What can you possibly say in a moment like this? It’s impossible to make sense of, because it doesn’t make sense. It feels like it isn’t fair, because it isn’t. There have been instants in the last few days where I’ve wondered if perhaps I’d managed to break my tear ducts. But no, there, suddenly and randomly, they still work. He was my friend, my roommate, and long ago I thought of him as a mentee or protege. He outgrew that quickly.

I don’t know how to talk about this. But I’ll tell you what I do know.

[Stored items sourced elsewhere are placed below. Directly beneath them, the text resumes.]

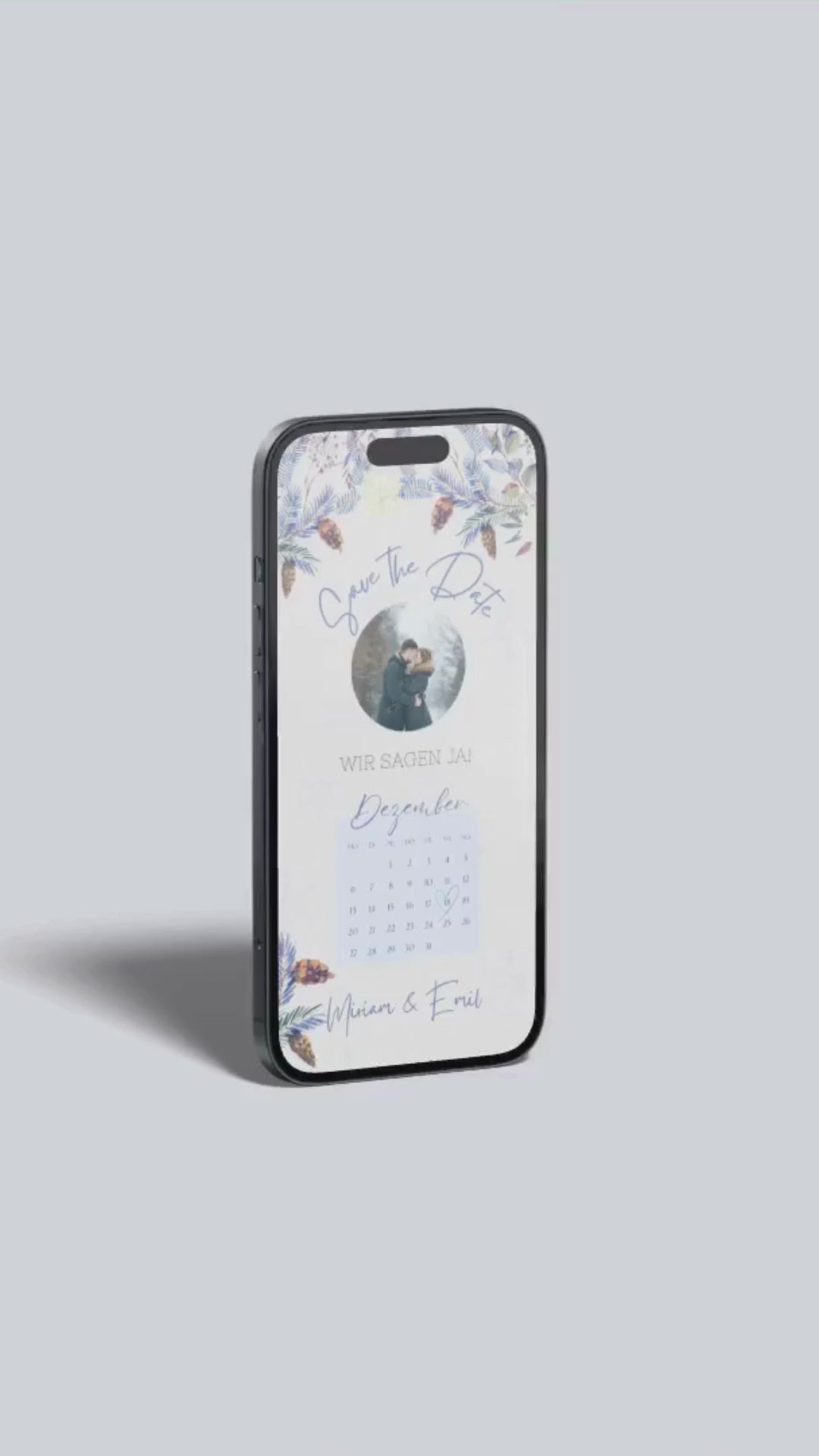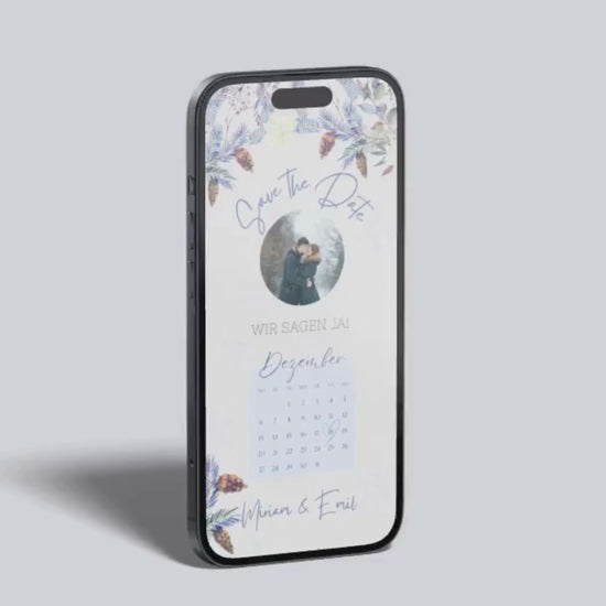 Diese stilvolle digitale Save-the-Date-Karte ist wie gemacht für eine romantische Winterhochzeit. Das frostige Design mit Tannenzweigen, Zapfen und zarten Blüten sorgt für eine festliche Atmosphäre und kündigt euren großen Tag auf charmante Weise an. Der integrierte Kalender mit hervorgehobenem Datum macht sofort klar: Dieser Tag ist etwas ganz Besonderes.
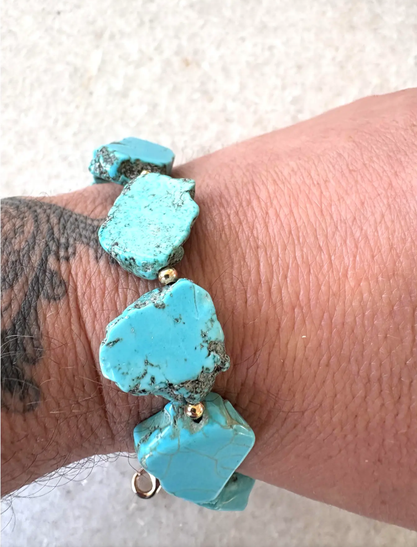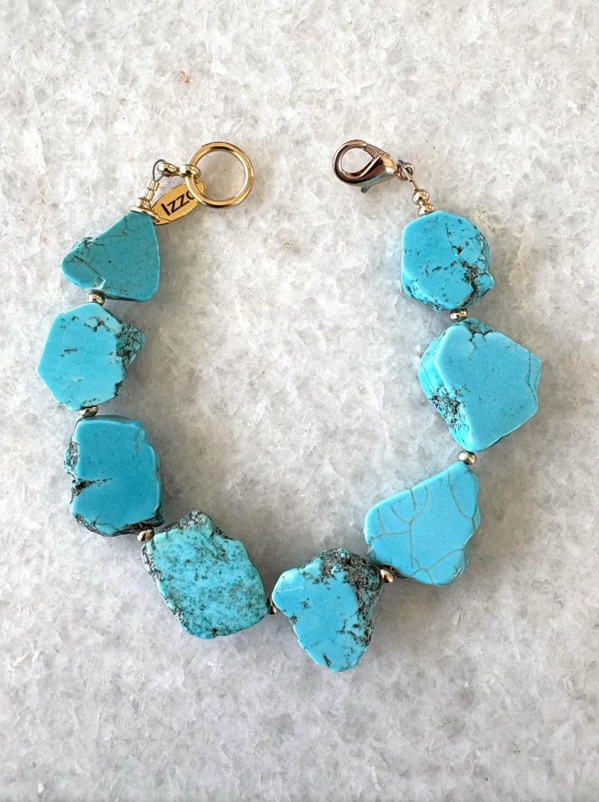 Natural Sliced Turquoise and Gold Tone Bracelet Designed by Matthew Izzo
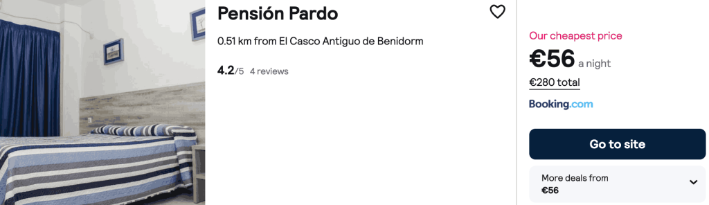 CAZARE 1: Pension Pardo, Preț cameră dublă 280€, Preț persoană 140€, 10-15 Mai 2026 (5 nopți)

Courtney loved trains more than life itself. Courtney liked to drop a few raspberries in his wine, and he could carve a pineapple like nobody. Courtney would beat you at your favorite board game. Courtney was a builder, with coding languages or LEGO bricks. Courtney was an advocate, with a microphone or a keyboard. Courtney was really insecure about his smile, which I always thought was funny because he’s just objectively a very handsome dude. He would always force this chuckle while posing for a picture, and we would tease him for it endlessly. I can hear it now. Courtney believed Hamilton was a masterpiece. And I won’t be the first or last to tell you, there’s a million things he hadn’t done. That’s a reference.

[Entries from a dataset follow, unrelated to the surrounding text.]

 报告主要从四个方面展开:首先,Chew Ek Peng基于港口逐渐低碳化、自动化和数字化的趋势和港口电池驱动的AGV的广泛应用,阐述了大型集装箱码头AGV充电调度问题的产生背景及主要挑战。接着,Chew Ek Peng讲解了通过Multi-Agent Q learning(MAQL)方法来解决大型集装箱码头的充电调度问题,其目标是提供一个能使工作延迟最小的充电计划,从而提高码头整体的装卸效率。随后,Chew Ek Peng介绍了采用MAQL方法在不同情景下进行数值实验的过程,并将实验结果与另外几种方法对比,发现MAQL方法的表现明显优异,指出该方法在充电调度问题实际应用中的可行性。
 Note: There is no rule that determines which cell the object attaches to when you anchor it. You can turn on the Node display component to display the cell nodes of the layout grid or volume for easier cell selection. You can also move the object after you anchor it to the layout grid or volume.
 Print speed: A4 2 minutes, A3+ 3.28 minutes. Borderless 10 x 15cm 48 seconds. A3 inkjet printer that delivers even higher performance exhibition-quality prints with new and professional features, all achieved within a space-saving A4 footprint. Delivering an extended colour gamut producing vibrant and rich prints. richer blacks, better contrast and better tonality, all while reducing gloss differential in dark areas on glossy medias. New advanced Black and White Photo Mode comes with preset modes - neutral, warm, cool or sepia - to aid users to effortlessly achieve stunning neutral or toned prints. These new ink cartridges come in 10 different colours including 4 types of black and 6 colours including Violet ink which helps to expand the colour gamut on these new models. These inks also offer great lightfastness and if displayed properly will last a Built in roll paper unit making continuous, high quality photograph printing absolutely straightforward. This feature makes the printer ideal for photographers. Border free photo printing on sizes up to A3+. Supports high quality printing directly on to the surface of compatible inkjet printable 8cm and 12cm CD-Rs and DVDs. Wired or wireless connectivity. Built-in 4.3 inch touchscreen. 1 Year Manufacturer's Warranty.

I was lucky to be there for so many of his biggest smiles. The look on his face when he opened a happy birthday video I was able to coordinate from his favorite BART Board Director, taking Muni to the beach, looking over the Bay from the Fire Trails, experiencing the wonders of Yosemite, graduations, Wine Wednesdays, and so much more. But perhaps my favorite Courtney smile was when I got to document his first ride on BART’s Fleet of the Future trains. Had I ever seen such pure, unadulterated joy? Just euphoric. There’s a recurring them here, did I mention he loved trains?

When I left SF General on Saturday afternoon, I hopped on a bike and did a lap by Dolores Park, where he’d spent Friday evening, before zipping up to the BART Station to head back to Berkeley. Bikes & transit, as he would have wanted. And when I got to the station, there was a shiny new BART train waiting for me. As if summoned by Courtney himself.

In Courtney’s name, fight for public transit, for bike lanes, for civic tech, for public schools, for queer equality, for the future he dreamed of but won’t get to see. But more than anything, fight the scourge of gun violence in this country. Because he would have done it all if his life hadn’t been cut short. You could have done so much more, if you only had time. That’s another Hamilton reference. He would have appreciated it.

I’m moving soon, and have been slowly packing up my apartment. This has been hanging in the hall since we lived here together. It might have ended up in a box at my next place, but I think I’ll want to keep him watching over me.

I wish we could all say goodbye. I miss you, Brousseau Sprouts. And no, I won’t stop calling you that. We’ll tell your story.